- Directed by: Joseph Lovett
- Produced by: Joseph Lovett Hilary Klotz Steinman
- Edited by: Jason Szabo Jamie Hogan
- Release date: 2010;
- Country: United States
- Language: English

= Going Blind =

Going Blind is a feature-length documentary about vision loss in the United States. Directed by Joseph Lovett, produced by Joseph Lovett and Hilary Klotz Steinman and edited by Jason Szabo and Jamie Hogan. Going Blind premiered at the World Ophthalmology Congress in Berlin in June 2010 and opened in New York at the Quad Cinema in October 2010.

The film interweaves Lovett's struggle to keep his glaucoma at bay with the stories of six people he meets who are dealing with different levels of sight loss. The film shows that losing vision is not death but a different perspective and shows how much is available in terms of vision enhancement techniques, low vision therapy such as at Lighthouse International, and new technology to keep people with sight loss engaged in their lives.

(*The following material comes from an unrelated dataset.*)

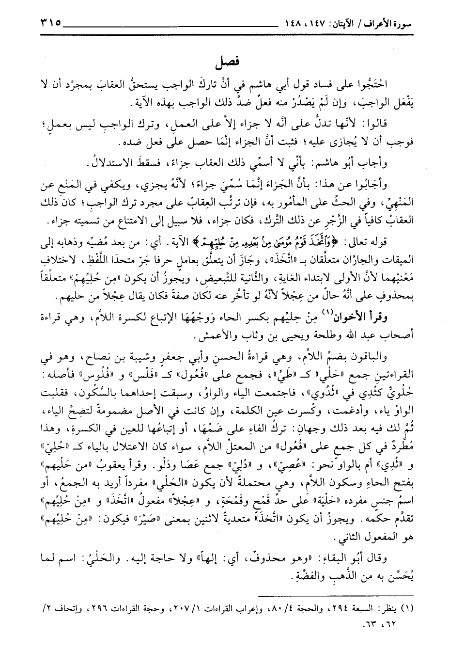والباقون بضمِّ اللاَّم، وهي قراءةُ الحسنِ وأبي جعفرٍ وشيبة بن نصاح، وهو في القراءتين جمع «حَلْيِ» ك «طَيٍّ» ، فجمع على «فُعُول» ك «فَلْس» و «فُلُوس» فأصله، حُلُويٌّ كثُدِي في «ثُدُوي» ، فاجتمعت الياء والواوُ، وسبقت إحداهما بالسُّكُون، فقلبت الواوُ ياء، وأدغمت، وكُسرت عين الكلمة، وإن كانت في الأصل مضمومةً لتصِحَّ الياء، ثُمَّ لك فيه بعد ذلك وجهانِ: تركُ الفاءِ على ضَمِّهَا، أو إتباعُها للعين في الكسرةِ، وهذا مُطَّردٌ في كل جمعٍ على «فُعُول» من المعتلِّ اللاَّم، سواء كان الاعتلال بالياء ك «حُلِيّ» و «ثُدِي» أم بالواو نحو: «عُصِيّ» ، و «دُلِيّ» جمع عَصَا ودَلْو. وقرأ يعقوبُ «من حَلِيِّهم» بفتح الحاءِ وسكون اللاَّمِ، وهي محتملةٌ لأن يكون «الحَلْي» مفرداً أريد به الجمعُ، أو اسمُ جنسٍ مفرده «حَلْيَة» على حدِّ قَمْحٍ وقَمْحَةٍ، و «عِجْلاً» مفعولُ «اتَّخَذَ» و «مِنْ حُلِيِّهم» تقدَّم حكمه. ويجوزُ أن يكون «اتَّخذَ» متعديةً لاثنين بمعنى «صَيَّرَ» فيكون: «مِنْ حُلِيِّهم» هو المفعول الثاني.

Going Blind is in educational distribution. An evaluation report of the film's effectiveness and an outreach toolkit on how organizations can best use the film can be downloaded from the homepage of the website as well. Going Blind is also available for streaming and downloading at Amazon.com.
The film has been financed through grants from the Reader's Digest Partners for Sight Foundation, Pfizer Ophthalmics, the National Institutes of Health and others.
The film was released to limited theatres on October 8, 2010.